This section provides description of the Multi-agent architecture for monitoring of SOA systems. In general agents, with specific roles assigned to them, are located within a separate monitoring module. This multi-agent environment can be split over several physical servers. This allows for example agents monitoring a particular remote service to be placed on the same machine and gather relevant data localy. In such a setup only aggregated information and exception reports are passed over the network. 3.1
Agent Roles
Following roles, which correspond to abstract description of entity expected functions, were identified in the system: processes definition monitor, process instances monitor, service’s monitor, queue’s monitor, reporting tool. At the lowest level data is gathered by service, queue and business process instance monitors. The multi-agent architecture allows to differentiate the number of details caputured for each element. By default only exceptions and aggregate statistics are captured. However, whenever we want we can ask the monitors to pass more details to study in detail process execution. On the higher level process definitions monitors and reporting agents take care of administration and data presentation tasks. Each of the roles will be now described in more detail.
Fig. 1. Processes Definition Monitor
Processes Definition Monitor. Description: Processes Definition Monitor role is responsible for loading processes’ definitions, keeping track of changes in definitions. Other agents are able to get these definitions. Process Definition Monitor controls Service and Queue Monitor’s life cycle, which allows turn off/on agents at user request. Protocols and Activities: GetDefinition, GetDefinitions, CreateAgent and DestroyAgent. Permissions: Read processes definitions.

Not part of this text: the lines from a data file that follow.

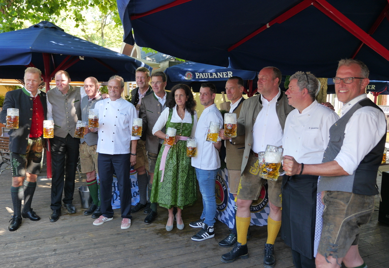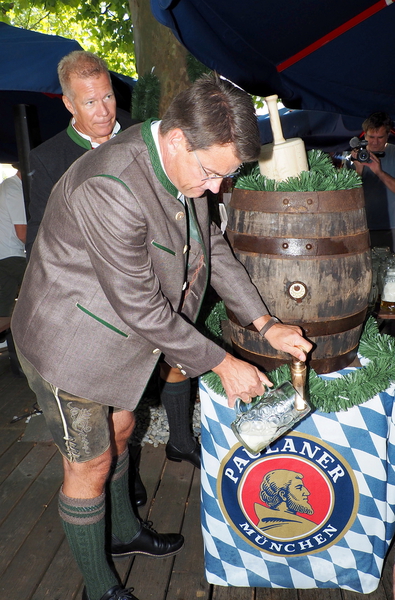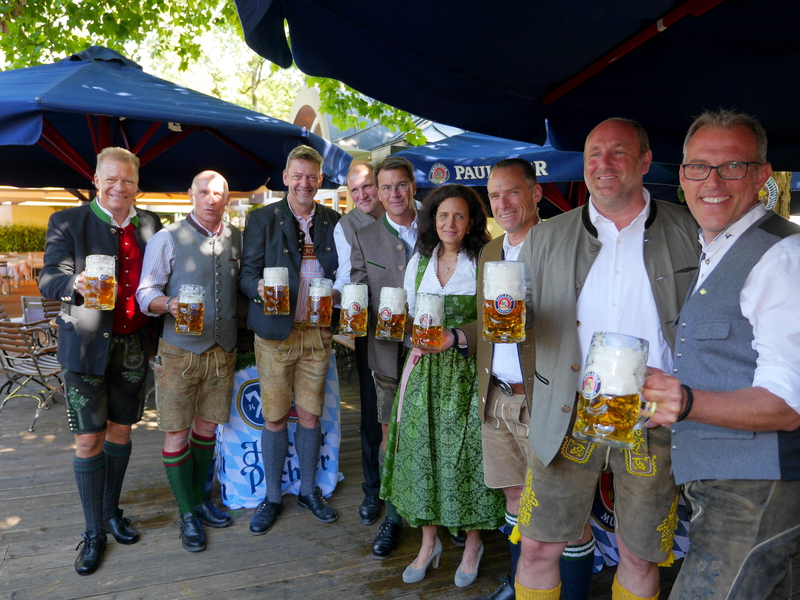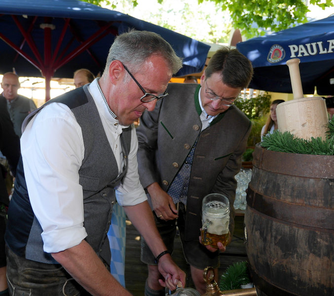 beim Einschenken routiniert durch Andreas Steinfatt und Dr. Jörg Lehmann, CEO bei der Paulaner Brauereigruppe.
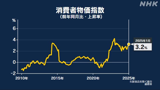 総務省によりますと、1月の消費者物価指数は、生鮮食品を除いた指数が2020年の平均を100として109.8となり、去年の同じ月より3.2%上昇しました。上昇率は前の月・12月の3.0%から0.2ポイント拡大し、2か月連続の3%台となりました。
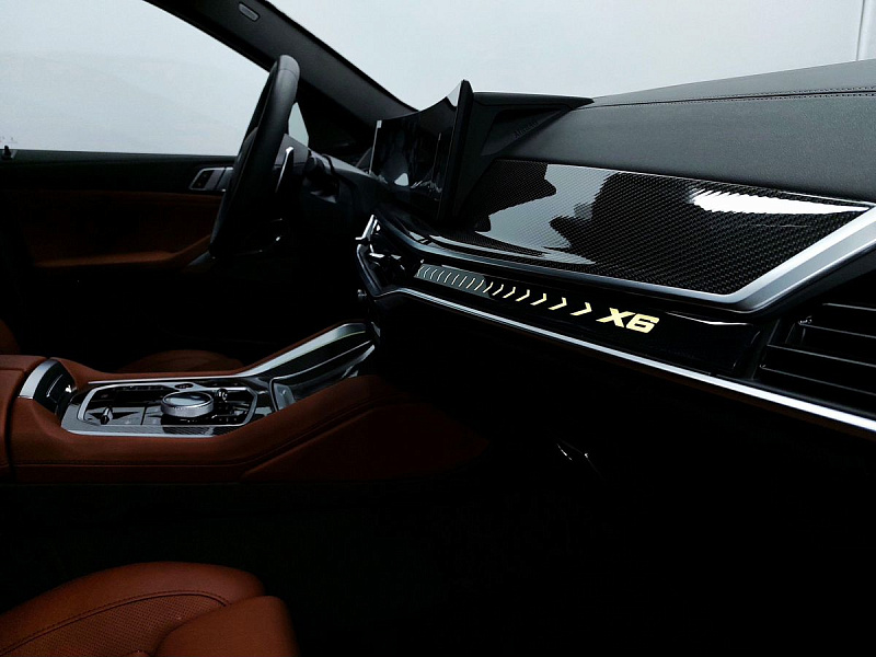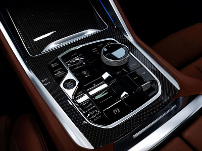 Стеклянная отделка деталей интерьера КрафтедКлэрити (CraftedClarity) для переключателя передач с подсветкой символа «Икс» ("X"), регулятора громкости, контроллера Ай-Драйв (iDrive) и кнопки Старт/Стоп (Start/Stop).
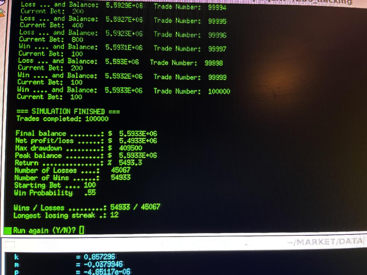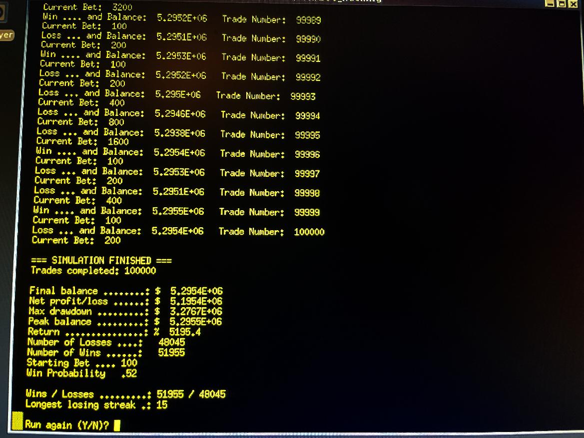 Here is screen-shot of final run result of Martingale Simulator making over 5 million dollars, starting with 100,000 dollars, and an initial bet-size of $100, and a win probability of 0.52 (a very small edge), and 100,000 trades.

Fig. 2. Process Instances Monitor
Process Instances Monitor. Description: Process Instances Monitor gathers statistical data related to particular process instances within system. It generates messages about instances which take too long to complete. Protocols and Activities: LongInstance, NewInstance, SubscribeObserver, UnsubscribeObserver and InstanceCheck. Permissions: Read instance processing time in business process engine. Service Monitor. Description: Service Monitor collects data: processing time (min/max/mean value), processed messages (all/failed) from service and transmit it to related roles. Protocols and Activities: LongService, MessageFailed, GetStatistices, Error, SubscribeObserver, UnsubscribeObserver and ServiceMonitor. Permissions: Read service processing time, messages count and service status. Queue Monitor. Description: Queue Monitor checks message count in the queue. It signal new message arrival and informs about threshold exceeded (too many messages in the queue). Protocols and Activities: ThresholdExceeded, NewMessageQueue, SubscribeObserver, UnsubscribeObserver and QueueMonitor. Permissions: Read queue message count, queue state.
Fig. 3. Service Monitor
Fig. 4. Queue Monitor
Fig. 5. Report
Report. Description: Report is responsible for providing status reports and interaction with user. Protocols and Activities: LongInstance, NewInstance, GetDefinition, GetDefinitions, LongService, MessageFailed, GetStatistics, Error, ThresholdExceeded, NewMessageQueue, SubscribeObserver, UnsubscribeObserver, CreateAgent, DestroyAgent, Register and Deregister. Permissions: – Interaction Model for the Proposed System. Interaction models are used to represent links between roles. SubscribeObserver/UnsubscribeObserver. These two protocols allow observers to subscribe to the monitor (service, queue or instance) and unsubscribe from it. Event messages are sent only to registered observers. LongInstance. This protocol represent is used to inform about process instance which took long time to complete. NewInstance is sent to observer each time business process is invoked. GetDefinition/GetDefinitions. This protocol allows process definitions to be accessed by other roles in the system. LongService/MessageFailed/Error/GetStatistics. This protocol enables Service Monitor role to send messages related to state of the service. ThresholdExceeded/NewMessageQueue. This protocol permits observer to get information about queue’s state. UpdateQueue/UpdateService. This protocol allows Process Definition Monitor role to inform other roles about changes in definitions of processes. CreateAgent/DestroyAgent. This protocol allows Report role to ask Process Definition Monitor to turn on/off particular Service or Queue Monitor.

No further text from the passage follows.